Exercise goal →
Copy the opening lines of the listing exactly, through and including the line with "フレッシュなユーカリや赤が美"; do not copy any pictures.

Data extract →
-.-.-

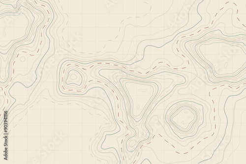 Subtle and elegant topographic lines on a light background, highlighting landforms and terrain details, perfect for cartographic and decor applications
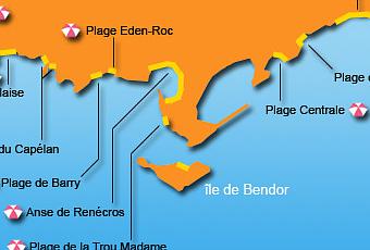 Bandol dipose d´un grand nombre de plages. Et d´autre part, aucune ne se ressemble. Il y en a pour tout les goûts. Nous reviendrons un jour sur les plages une par une (photos a l´appui !), mais le petit visuel ci-dessous, et très bien fait, de la part de plagemed.fr donne une bonne visibilité des plages disponibles.
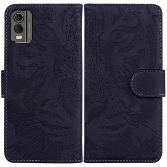Θήκη τηλεφώνου από δέρμα με σχέδιο Tiger Embossing για Nokia C32 (Μαύρο)
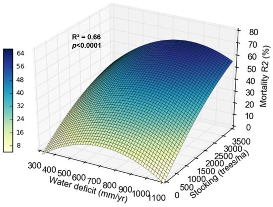 Relationship between mortality in the second rotation (R2), water deficit, and stocking.
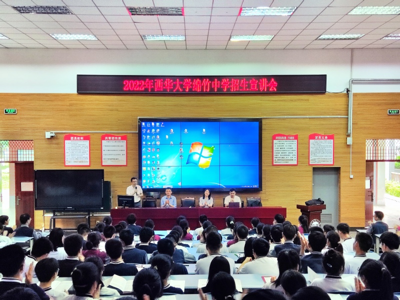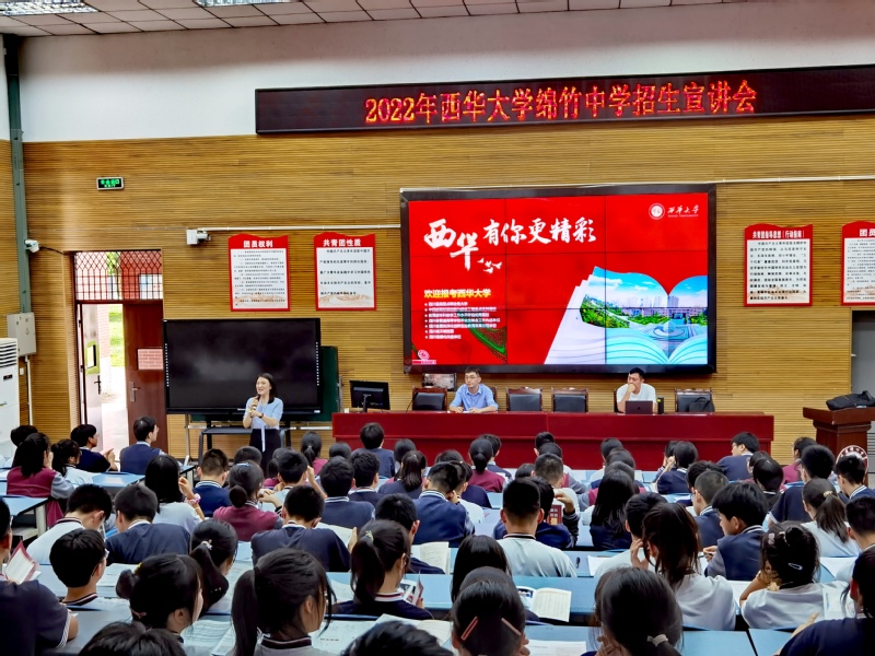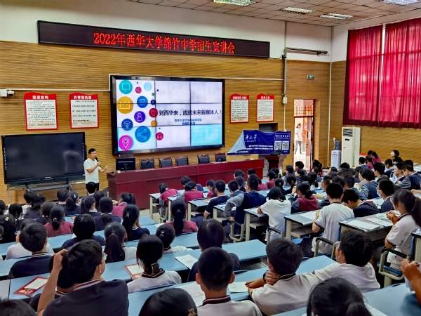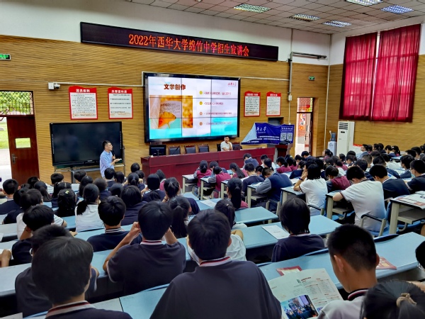 随后,在绵竹中学精心安排下,学院几位专家为近200名高二学子进行了招生宣讲,推荐西华大学,推介文新学院。宣讲会由徐攀主持,王莉以“西华有你更精彩”为主题,向学生全面介绍了西华大学概况。王燕飞、叶茂分别以“大学里的文学活动”、“到西华来,成就未来新媒体人”为题,向学生作了富有激情的宣讲。徐攀介绍了西华大学及文新学院近年招生录取情况,鼓励高二学子加油努力,充满信心迎接未来。
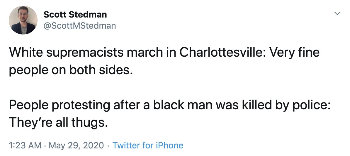President Trump's threatening tweet about Minneapolis was hidden by Twitter for "glorifying violence." He is also facing condemnation for calling protesters "thugs," many comparing the tweet to his description of Charlottesville white supremacist marchers as "very fine people":pic.twitter.com/4zoLuIyOuP
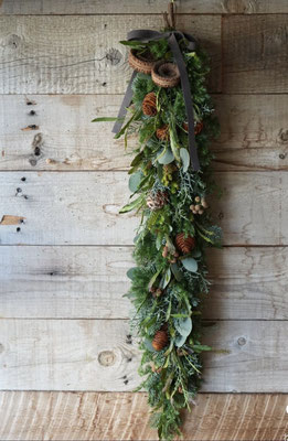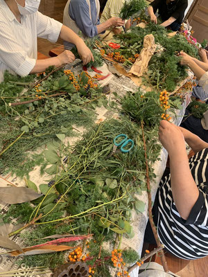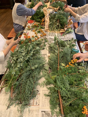 フレッシュなユーカリや赤が美しい葉などをリースワイヤーで束ねガーランドを作りました
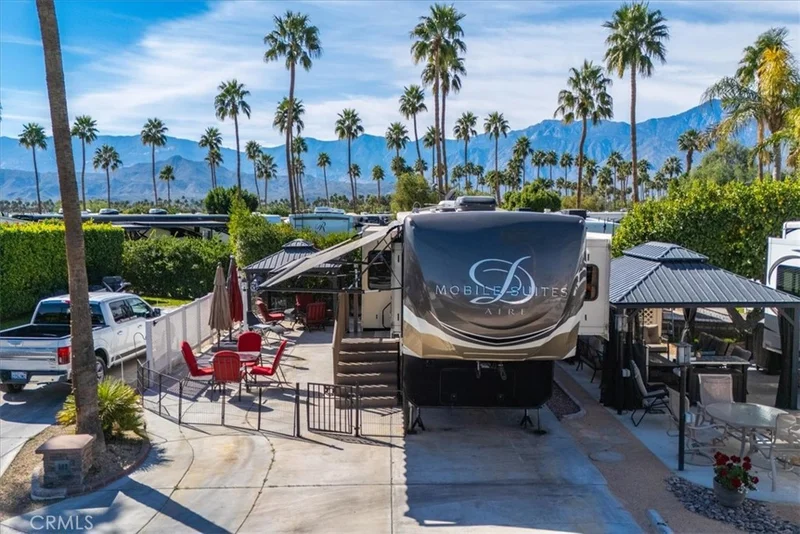 Beautifully expanded Lot 303 is located on the east side of Outdoor Resorts Palm Springs an All-Ages Active Resort Community. The lot features a newly constructed gazebo with electricity, curtain surround for privacy, tv mount and TV, a firepit table with 4 chairs and cushions, vinyl fencing on both sides and a 2018 DRV Mobile Suite Aire M-38, 39'11" in length, with custom wood steps w/storage & wood railing, soft side covers for lower part of fifth wheel. Interior Fifth Wheel Features Include: Corian countertops, center island, stainless steel farmhouse sink, 3 burner Furrion stove, convection microwave, molded tile backsplash with Jute edging, residential fridge/freezer with ice maker, pendant lights over the island, pantry, vinyl wood look flooring expandable wood table for 4, rear living room with 3 recliners, ceiling fan in living room, large windows let in the natural light, sleep number king size bed, 8 drawer dresser, 3 additional storage cabinets, Corian countertops in the bathroom with dual sink vanity, residential toilet, large shower area, stacked Splendide washer/dryer, large closet and plenty of storage space. Outdoor Resorts Palm Springs spans 137 beautifully landscaped acres and offers an unmatched resort lifestyle with 27 holes of executive golf, 10 tennis courts, 13 pickleball courts, 8 swimming pools, a fully equipped fitness center, sports bar (19th Hole), on-site salon/barber shop, café, and two clubhouses with year-round activities, events, and entertainment. Whether you’re seeking an active social scene or a peaceful desert retreat, this is more than a lot—it’s a lifestyle.

-.-.-

Solution for this task →
 Subtle and elegant topographic lines on a light background, highlighting landforms and terrain details, perfect for cartographic and decor applications
 Bandol dipose d´un grand nombre de plages. Et d´autre part, aucune ne se ressemble. Il y en a pour tout les goûts. Nous reviendrons un jour sur les plages une par une (photos a l´appui !), mais le petit visuel ci-dessous, et très bien fait, de la part de plagemed.fr donne une bonne visibilité des plages disponibles.
Θήκη τηλεφώνου από δέρμα με σχέδιο Tiger Embossing για Nokia C32 (Μαύρο)
 Relationship between mortality in the second rotation (R2), water deficit, and stocking.
 随后,在绵竹中学精心安排下,学院几位专家为近200名高二学子进行了招生宣讲,推荐西华大学,推介文新学院。宣讲会由徐攀主持,王莉以“西华有你更精彩”为主题,向学生全面介绍了西华大学概况。王燕飞、叶茂分别以“大学里的文学活动”、“到西华来,成就未来新媒体人”为题,向学生作了富有激情的宣讲。徐攀介绍了西华大学及文新学院近年招生录取情况,鼓励高二学子加油努力,充满信心迎接未来。
President Trump's threatening tweet about Minneapolis was hidden by Twitter for "glorifying violence." He is also facing condemnation for calling protesters "thugs," many comparing the tweet to his description of Charlottesville white supremacist marchers as "very fine people":pic.twitter.com/4zoLuIyOuP
 フレッシュなユーカリや赤が美しい葉などをリースワイヤーで束ねガーランドを作りました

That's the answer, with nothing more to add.